On sait pas si ils ont bouffé du X-Files en travaillant sur ce nouvel opus mais c’est bourré de références. Sur le premier titre évocateur « Dana Katherine Scully » aux intonations surf-rock, le quatuor la place en héroïne mais a surtout la nécessité de donner le ton au disque. Ici, Emily Nokes décortique avec humour toutes les galères que peut rencontrer une femme dans sa vie, que ce soit ses règles sur « FDP » (pour « First Day Of Period » et non « Fils de pute » mais ça, vous vous en êtes doutés…), les méfaits de la pilule du lendemain sur « Plan A, Plan B » ou du mansplaining sur « Men Explain Things To Me ». Ah et puis les trolls, haters et autres rageux des réseaux sociaux s’en prennent plein la gueule sur « The Internet ». Bah oui, elle ne respecte rien mais a surtout le don de rire de tout.

Musicalement parlant, on ne constate pas vraiment d’évolution. Tacocat se contente toujours de faire bouger la foule avec son sorte de garage-punk bubblegum et ce pour notre plus grand plaisir avec des brûlots efficaces comme « I Love Seattle », « I Hate The Weekend » ou encore le sympathique « You Can’t Fire Me, I Quit ». Avec des titres comme ça, on devine déjà le thème de la chanson avant même de l’avoir écouté. Et c’est peut-être le seul reproche que je peux faire sur Lost Time, c’est le manque de surprise et tout paraît évident. Si des titres aussi sympathiques qu’ils soient comme « Talk » ou « Horse Grrls », on devine déjà le schéma musical après dix secondes d’écoute: couplets calmes et refrains explosifs. Mais sinon, pas mal de morceaux sortent du lot comme la jangle-pop old school de « Night Swimming » et la conclusion surf-pop de « Leisure Bees » qui ont le mérite de clore ce troisième opus sur une bonne note.

En 30 minutes seulement, on digère les drôles de péripéties de Tacocat et on apprécie comme d’habitude.
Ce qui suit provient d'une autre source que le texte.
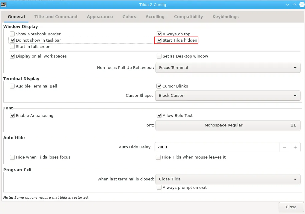 接下来,打开 Tilda 配置窗口。 选择“隐藏启动 Tilda”,即启动时不会立即显示终端。

Le quatuor pop-punk nous éclate toujours autant avec ses textes loufoques et ses compositions racées et entraînantes, exactement comme ses prédécesseurs. C’est tout ce qu’on leur demandait, d’autant plus qu’Emily Nokes et ses acolytes nous ont donné une brave leçon de féminisme à nouveau sans se répéter dans leur discours. La vérité n’est pas ailleurs, elle est du côté de Seattle.